Chronicle of the Middle East and North Africa

Libya: Constructing a Modern Kingdom (1951 – 1969)

Libya a Modern Kingdom
Map of oil concessions in Libya. Smaller concessions to many oil companies gave the Libyan government, both under the king and after Qaddafi’s coup of 1969 a much stronger negotiating hand than held by governments that had to deal with a single major company. Source: B. Orchard Lisle Industrial Cartography

Introduction

After independence, the new Libyan state depended on foreign aid, because there was neither the money nor the personnel to run the complicated political system. Politically, it depended on the British and the Americans, who paid rent for the naval facilities at Tobruk and Wheelus military airfield (outside Tripoli), respectively.

Oil

Oil transformed an impoverished country. Multinational oil companies like Shell, BP, and Esso had begun preliminary work even before 1951 and oil was finally discovered in commercial quantities in 1955. The independent government had a quite different policy than the big producers in the Middle East. The Petroleum Law of 1955 rejected the pattern of single big concessions because the international oil market was already saturated. A single big company might not have made Libyan oil fields operational at all. Instead, it favoured smaller and competitive companies that would get production started.

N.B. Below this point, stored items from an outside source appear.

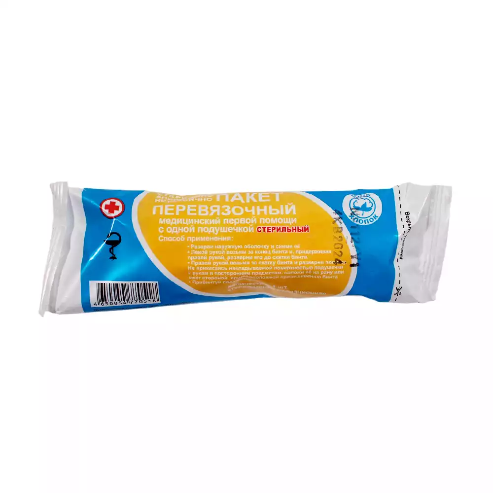 Пакет перевязочный медицинский 1-ой помощи с одной подушечкой, инивидуальный, с бинтом, стерильныйВерамед (РОССИЯ)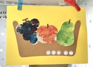 今週は9月の製作「フルーツバスケット」を作りました🍇🍎🍐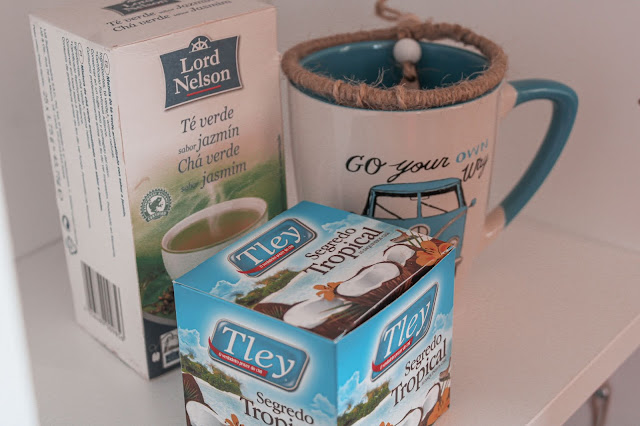 Chás: Tudo fica melhor na companhia de uma chávena de chá, por isso, aproveito todas as ocasiões para abastecer a dispensa com opções que têm o meu coração. Quase sempre, quando faço compras no Auchan, trago jasmim a granel, mas a minha mãe encontrou estas saquetas da Lord Nelson [no Lidl] e, desde então, têm sido uma aposta recorrente, porque o sabor é muito fidedigno. Além disso, voltei a perder-me pelo Segredo Tropical, que combina, de forma equilibrada, coco e baunilha.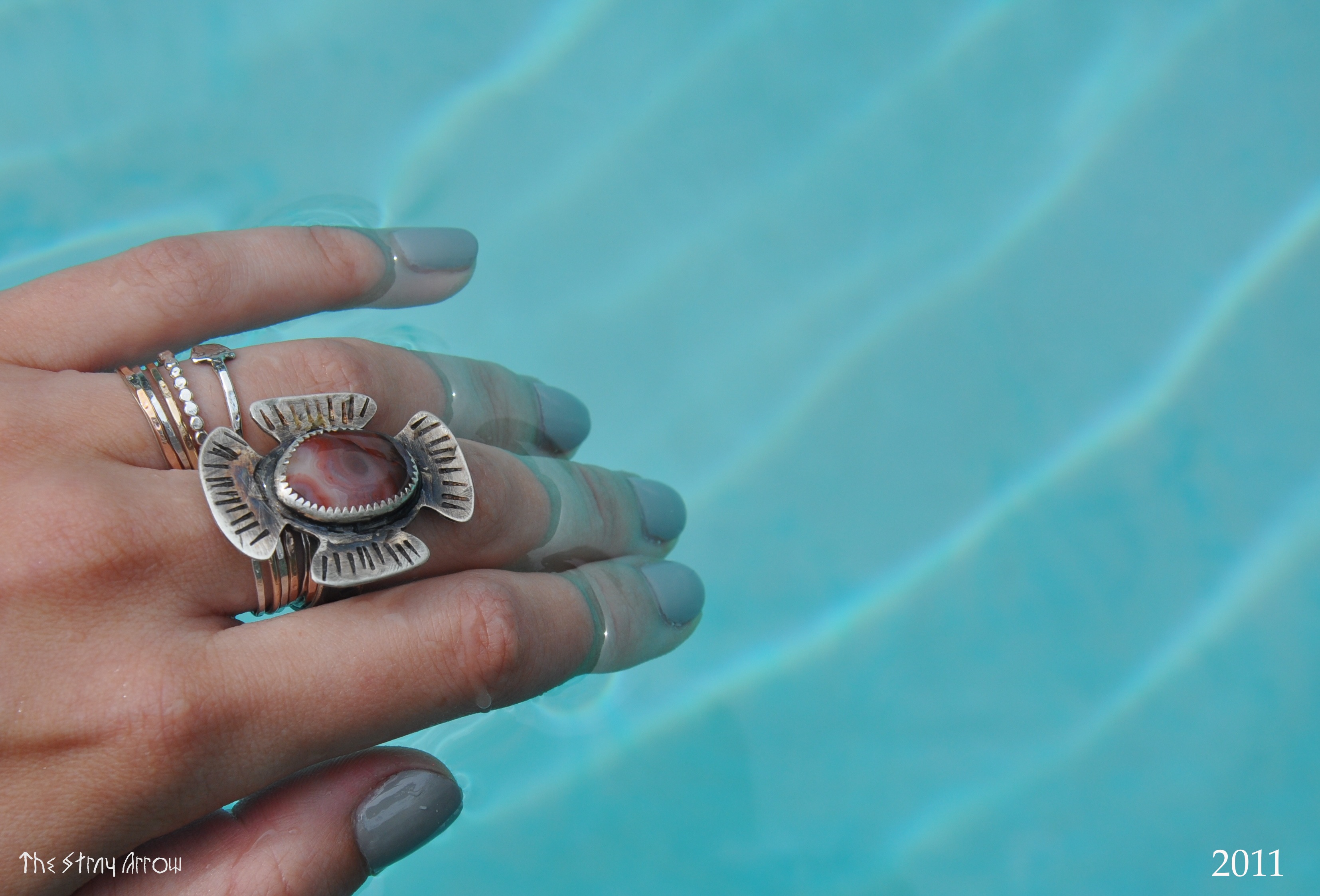 I’ve been noticing people imitating my work. While this is a touchy subject that seems taboo to talk about, this is getting unavoidable. Artisan one of a kind jewelry design is a difficult art to protect when compared to other art fields. Copies will happen. “One offs” are tolerated and occasionally flattering if the artist is *given credit* as being behind the inspiration. This is unfortunately not the case. I have been seeing people not only imitate my very specific signature materials (not that one can ever claim to own such a thing), but my writing descriptions, photography style, work title style and themes, and my overall aesthetic entirely. A continual ‘paraphrasing’, if you will. Most people have the grace to come up with their own designs, for those that don’t they bring down the work of others. I want to reiterate and remind everyone that if there is space to stamp my half inch “STRAY ARROW” logo onto an original piece, and it is not there, it is not made by me. This means that it is not backed by my quality guarantee, nor my 6 years of turquoise study experience. Just because a piece of turquoise is claimed from a mine does not equal good quality. I am an artist with eccentric interests, and my jewelry work is an extension of that. I try to be respectful of everyone’s creative and intellectual property, and truly wish the same in return.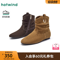 热风棕色堆堆靴女2025年冬季新款复古短靴休闲西部靴子百搭女鞋子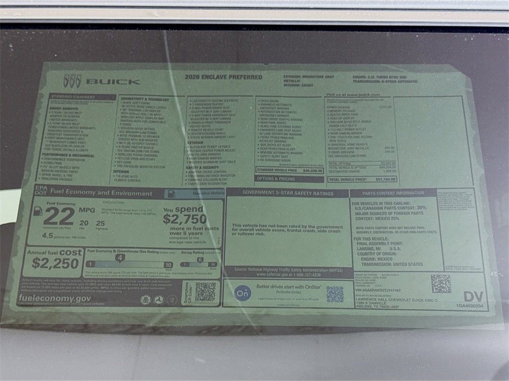 This 2026 Buick Enclave Preferred New Vehicle Purchase in moonstone gray metallic comes with the following features: FWD, 110-Volt Power Outlet, 12 Speakers, 2nd Row 1-Touch Flat Folding Seat, 3 Years SiriusXM, 3rd row seats: split-bench, 4-Wheel Disc Brakes, ABS brakes, Air Conditioning, Alloy wheels, AM/FM radio: SiriusXM with 360L, Apple CarPlay/Android Auto, Auto High-beam Headlights, Auto-dimming door mirrors, Auto-dimming Rear-View mirror, Automatic temperature control, Brake assist, Bumpers: body-color, Compass, Delay-off headlights, Driver 4-Way Power Lumbar Seat Adjuster, Driver 8-Way Power Seat Adjuster, Driver door bin, Driver vanity mirror, Dual front impact airbags, Dual front side impact airbags, Electronic Stability Control, Emergency communication system: OnStar and Buick connected services capable, Four wheel independent suspension, Front anti-roll bar, Front Bucket Seats, Front Center Armrest, Front dual zone A/C, Front Mounting License Plate Bracket Package, Front Passenger 4-Way Power Lumbar Seat Adjuster, Front Passenger 6-Way Power Seat Adjuster, Front reading lights, Fully automatic headlights, Head-Up Display, Heated door mirrors, Heated front seats, Heated steering wheel, Heated Wiper Park, Illuminated entry, Leather steering wheel, Leatherette Seat Trim, Low tire pressure warning, Memory Settings, Navigation System, Occupant sensing airbag, Outside temperature display, Overhead airbag, Overhead console, Panic alarm, Passenger door bin, Passenger vanity mirror, Power door mirrors, Power driver seat, Power Liftgate, Power Package, Power passenger seat, Power steering, Power windows, Preferred Equipment Group 1SD, Premium audio system: Buick Infotainment System, Radio data system, Radio: Infotainment Center, Rear air conditioning, Rear anti-roll bar, Rear reading lights, Rear side impact airbag, Rear window defroster, Rear window wiper, Remote keyless entry, Security system, Speed control, Speed-sensing steering, Spoiler, Steering wheel mounted audio controls, Tachometer, Telescoping steering wheel, Tilt steering wheel, Traction control, Trip computer, Turn signal indicator mirrors, Universal Home Remote, Variably intermittent wipers, Voltmeter, Wireless Apple CarPlay, Wireless Google Android Auto, FWD.

The government divided concessions into much smaller areas and although many big multinationals, including the Italian ENI took part, so did smaller companies like Bunker Hunt and Occidental Petroleum.

The concession map of Libya clearly shows this pattern. It gave the royal government, and the Qaddafi regime after the coup of 1969, much greater control of oil resources. After a 167-kilometre pipeline was built to the Mediterranean Sea, oil exports began in 1961. That year they totalled $3 million and by 1969 they totalled $1,175 million, greatly encouraged by the closure of the Suez Canal in 1967 after the June War.

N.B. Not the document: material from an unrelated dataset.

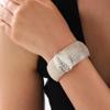 Şık ve fantezi görünümü seven kadınlar için ideal bir seçenektir. Koleksiyonlarda; gösteriş ve şıklığın peşinde olan kadınlar için tamamen el işçiliğiyşe yapılmış bu bilezik her zevke ve konsepte uygun modeli ile sizleri bekliyor. Bu şık modeli; doğum günü hediyesi, sevgililer günü hediyesi olarak özel günlerde tercih edebilirsiniz. Elişi kalemli kadın bilezik modeli 925 ayar gümüşten imal edilmiştir. Gümüş üzerine rodyum kaplama yapılmıştır. Rodyum kaplama yapılan gümüş kadın bilezik modelleri parlaklığını uzun süre muhafaza eder, oksitlenmesi gecikir. Tüm gümüş kadın bilezikler de olduğu gibi bu gümüş elişi kalemli kadın bilezik modeli de el emeği ile üretilmiştir. Gümüş ve değerli taşlar nedeniyle belirtilen ortalama ürün ağırlığında ± %10 sapma olabilmektedir.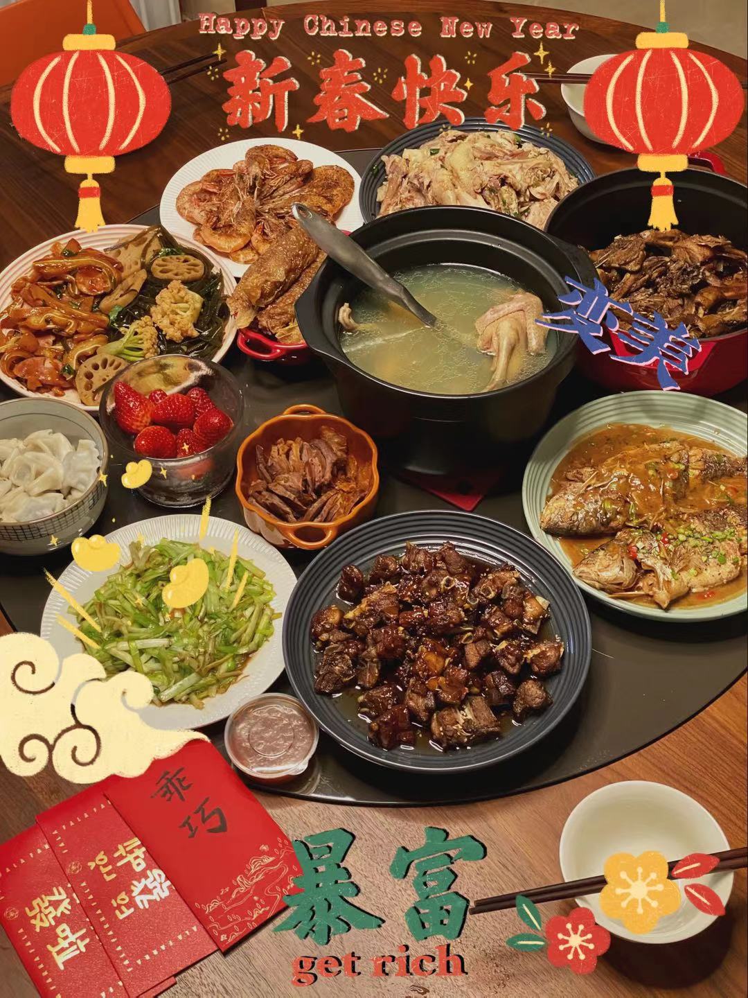 我们知道,年夜饭对华夏儿女来说,不仅是一顿精心烹制的佳肴,即使平日远隔千里,疏于联络,新春佳节也要阖家团圆,围桌共话。年夜饭代表着国人对来年风调雨顺、家宅平安的朴实祈愿,承载着血脉中斩不断的牵挂与羁绊。吃的是团圆饭,品的是归家情。此次“舌尖上的外文·云上年夜饭”活动的圆满成功表达出大家对于美好生活的共同愿景,全体教职员工将以更加昂扬的精神面貌迎接2021年新篇章、新征程 !

The monarchy was not prepared for the social changes brought by this increased income. The massive revenue brought a rapid increase in urbanisation. Between 1954 and 1964 the population of Tripoli grew by 64 per cent and that of Benghazi doubled, but many rural-urban migrants were poor, living in shanty-towns. The wealth was very unevenly distributed.

Revenue was not always spent effectively. The first 5-year plan (1963-68) earmarked 70 per cent of oil revenues for development. Although the amount spent was much more than envisaged, it equalled only 20 per cent of total revenue. Military expenditure increased, but agriculture declined dramatically: a long-term depletion of ground-water resources began and skilled labour left the land. Little was allocated to industry. Government health schemes were largely run by foreign workers, particularly doctors.

Increasing resentment

Libya a Modern Kingdom
The Libyan cartoonist Muhammad al-Zawawi caught the public frustration with government maladministration. This cartoon shows the graveyard of municipal plans – from left to right the plan for the drainage of Bin Ghashir Street; the plan for municipal reorganisation; the plan for public parks; the plan for the airport road. Source: al-Maidan daily, 1966.

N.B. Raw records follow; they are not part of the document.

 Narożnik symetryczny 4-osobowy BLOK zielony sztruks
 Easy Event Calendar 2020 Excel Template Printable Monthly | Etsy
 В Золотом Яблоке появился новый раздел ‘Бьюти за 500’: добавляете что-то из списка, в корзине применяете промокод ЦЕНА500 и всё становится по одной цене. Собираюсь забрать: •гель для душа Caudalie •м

The government became increasingly inefficient and corrupt: the line between private and public wealth was indistinct, and scandal after scandal ensued. As private capital went into real estate, building and services, opposition to the monarchy increased and found an audience in the younger men who had initially benefited from the success story of the monarchy – the rapid development of education.

By 1968 there was a university, and 85% of those eligible to attend school were doing so. But there were few trained Libyan teachers, so the government appointed many Egyptians who introduced Nasserist ideology to their pupils. Cairo radio could be heard as well. By the mid-1960s a small professional class had grown up employed in the administration, the schools and the army. These newly educated Libyans began to demand that the oil wealth be used more equally and oil used as a weapon for the wider Arab cause.

There was great resentment that Libyan oil earnings were financing a government that backed the US and Britain, both supporters of Israel during the 1967 War.

During the 1967 Arab-Israeli war the government mouthed support for the front-line Arab states, but did not intervene. The heightened political consciousness led to popular protests and strikes, with oil workers closing the oil terminals. After the war, the western bases were even more important. Tobruk guarded the BP oil terminal at Marsa al-Hariga and the king’s palace. It was clear that the mounting political tension would eventually lead to a coup, and by mid 1969, the Egyptian government of President Nasser was already in touch with some senior army officers expected to organise a coup.